* **Data shown**:

-- Opening Marker --

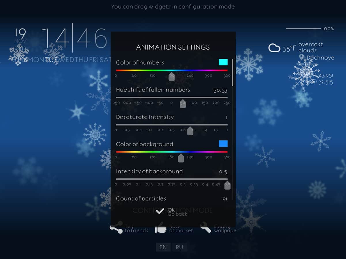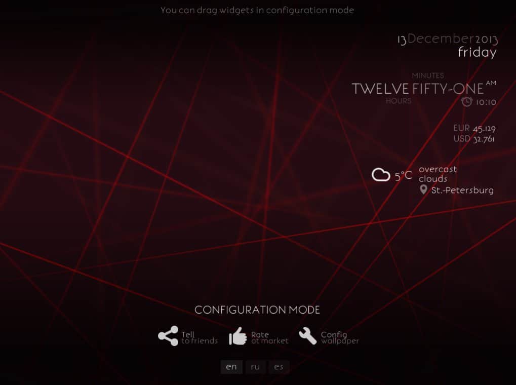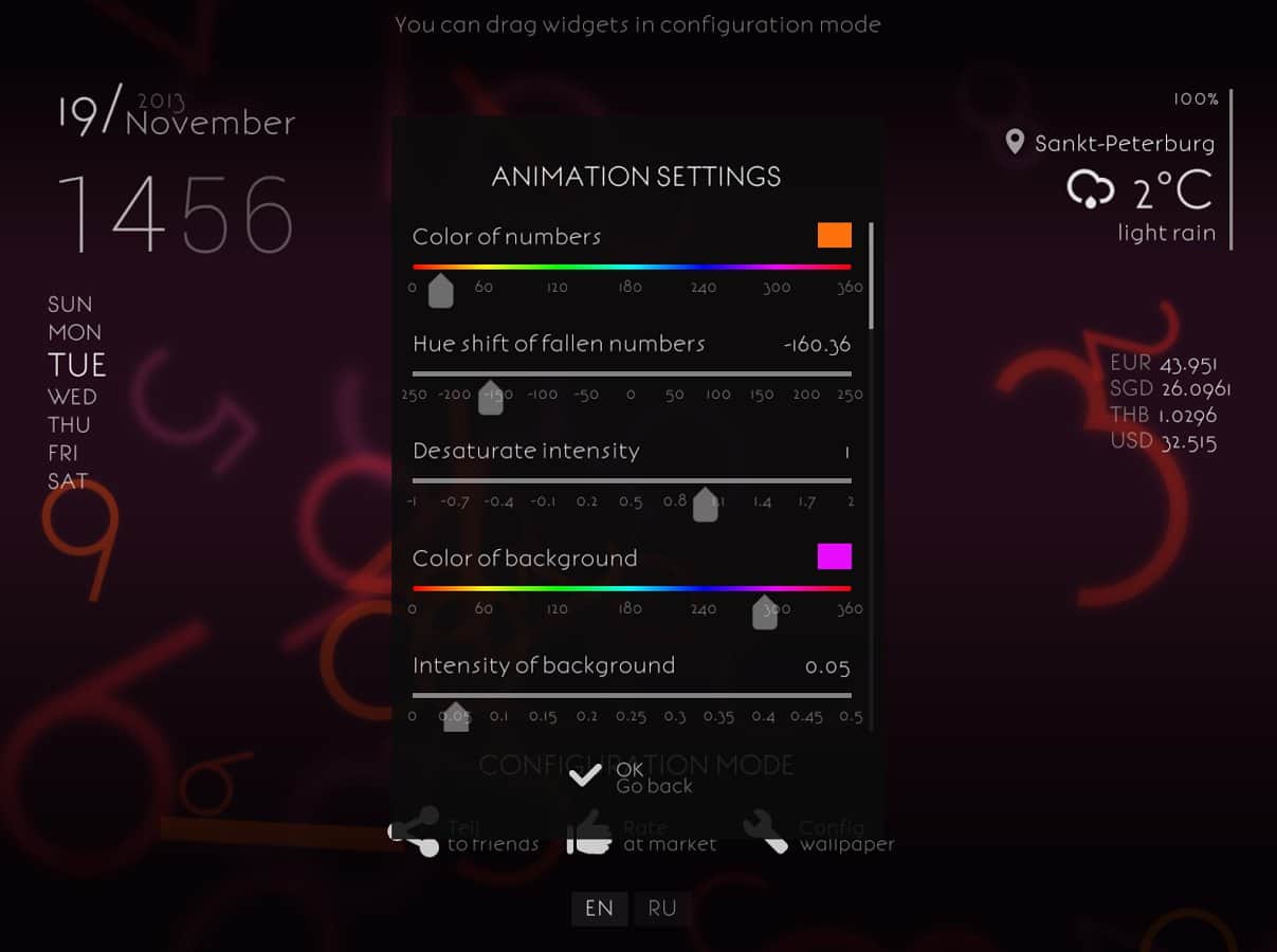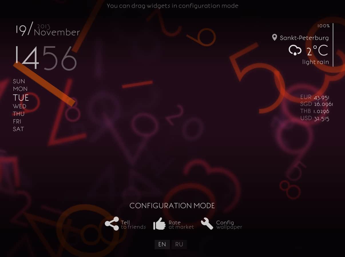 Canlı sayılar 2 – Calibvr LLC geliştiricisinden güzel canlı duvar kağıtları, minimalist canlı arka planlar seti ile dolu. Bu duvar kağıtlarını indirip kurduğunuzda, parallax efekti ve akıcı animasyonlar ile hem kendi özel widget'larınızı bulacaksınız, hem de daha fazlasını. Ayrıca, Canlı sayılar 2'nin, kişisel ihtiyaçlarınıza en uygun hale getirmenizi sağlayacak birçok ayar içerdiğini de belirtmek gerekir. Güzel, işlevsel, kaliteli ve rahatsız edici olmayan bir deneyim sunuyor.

-- Closing Marker --
-- Opening Marker --

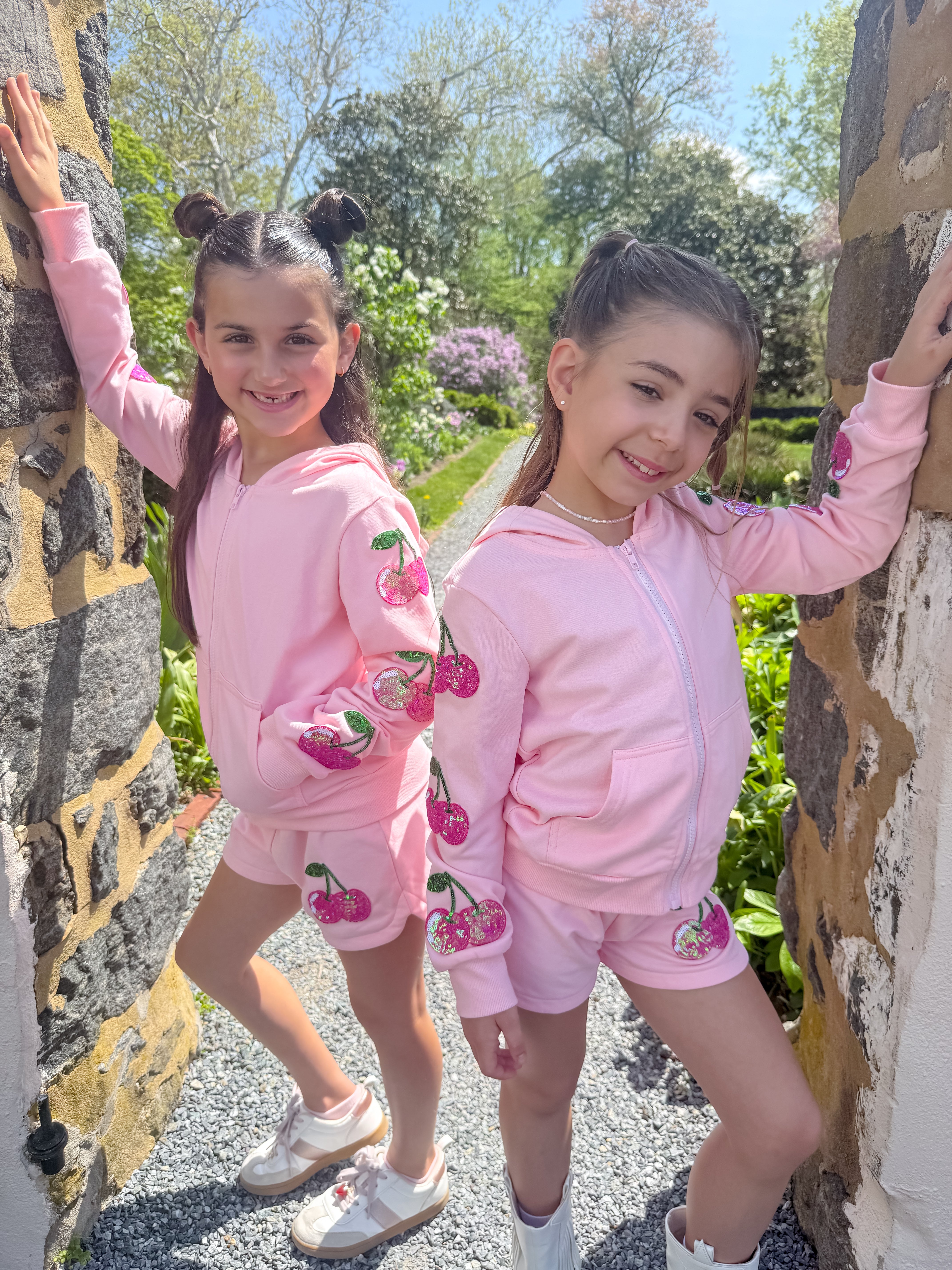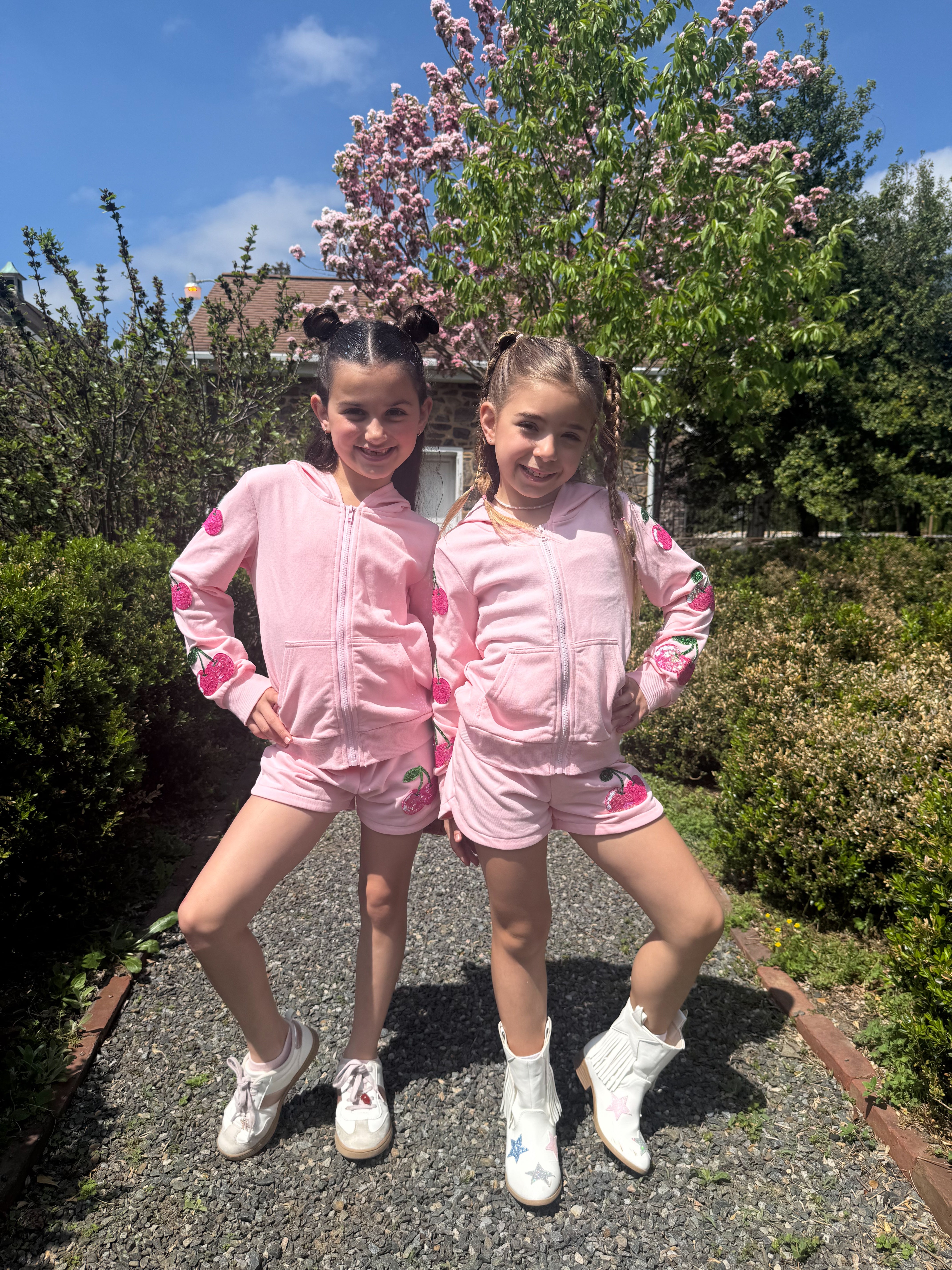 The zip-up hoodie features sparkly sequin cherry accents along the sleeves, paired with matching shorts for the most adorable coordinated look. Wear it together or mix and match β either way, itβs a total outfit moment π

-- Closing Marker --
-- Opening Marker --

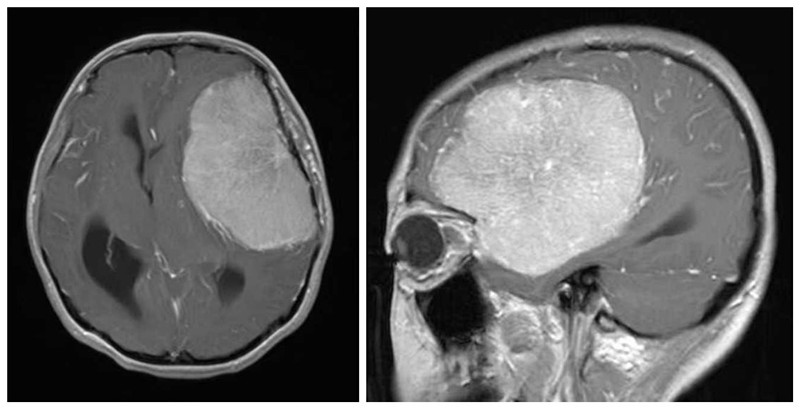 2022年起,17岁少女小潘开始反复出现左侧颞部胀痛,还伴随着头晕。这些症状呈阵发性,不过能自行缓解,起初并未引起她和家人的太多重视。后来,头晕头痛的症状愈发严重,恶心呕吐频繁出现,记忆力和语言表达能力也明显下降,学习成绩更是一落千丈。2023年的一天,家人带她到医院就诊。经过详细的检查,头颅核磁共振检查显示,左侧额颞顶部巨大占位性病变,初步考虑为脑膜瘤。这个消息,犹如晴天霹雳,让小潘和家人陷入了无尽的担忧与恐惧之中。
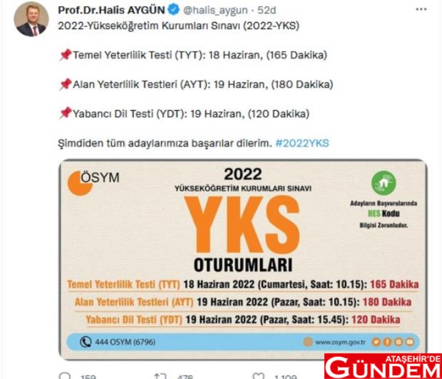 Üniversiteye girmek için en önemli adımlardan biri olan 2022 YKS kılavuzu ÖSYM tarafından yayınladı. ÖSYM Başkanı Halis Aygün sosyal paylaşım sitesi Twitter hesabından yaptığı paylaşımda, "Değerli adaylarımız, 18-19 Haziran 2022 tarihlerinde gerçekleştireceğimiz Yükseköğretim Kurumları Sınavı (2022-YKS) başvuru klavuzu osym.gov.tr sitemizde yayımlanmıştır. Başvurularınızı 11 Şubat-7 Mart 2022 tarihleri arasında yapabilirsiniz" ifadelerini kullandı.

-- Closing Marker --

Could you write out exactly the lines of the data above that run from the one holding "2022年起,17岁少女小潘" to the one holding "Üniversiteye girmek için", with both ends in and all pictures out?

* **Solution to this problem**:
 2022年起,17岁少女小潘开始反复出现左侧颞部胀痛,还伴随着头晕。这些症状呈阵发性,不过能自行缓解,起初并未引起她和家人的太多重视。后来,头晕头痛的症状愈发严重,恶心呕吐频繁出现,记忆力和语言表达能力也明显下降,学习成绩更是一落千丈。2023年的一天,家人带她到医院就诊。经过详细的检查,头颅核磁共振检查显示,左侧额颞顶部巨大占位性病变,初步考虑为脑膜瘤。这个消息,犹如晴天霹雳,让小潘和家人陷入了无尽的担忧与恐惧之中。
 Üniversiteye girmek için en önemli adımlardan biri olan 2022 YKS kılavuzu ÖSYM tarafından yayınladı. ÖSYM Başkanı Halis Aygün sosyal paylaşım sitesi Twitter hesabından yaptığı paylaşımda, "Değerli adaylarımız, 18-19 Haziran 2022 tarihlerinde gerçekleştireceğimiz Yükseköğretim Kurumları Sınavı (2022-YKS) başvuru klavuzu osym.gov.tr sitemizde yayımlanmıştır. Başvurularınızı 11 Şubat-7 Mart 2022 tarihleri arasında yapabilirsiniz" ifadelerini kullandı.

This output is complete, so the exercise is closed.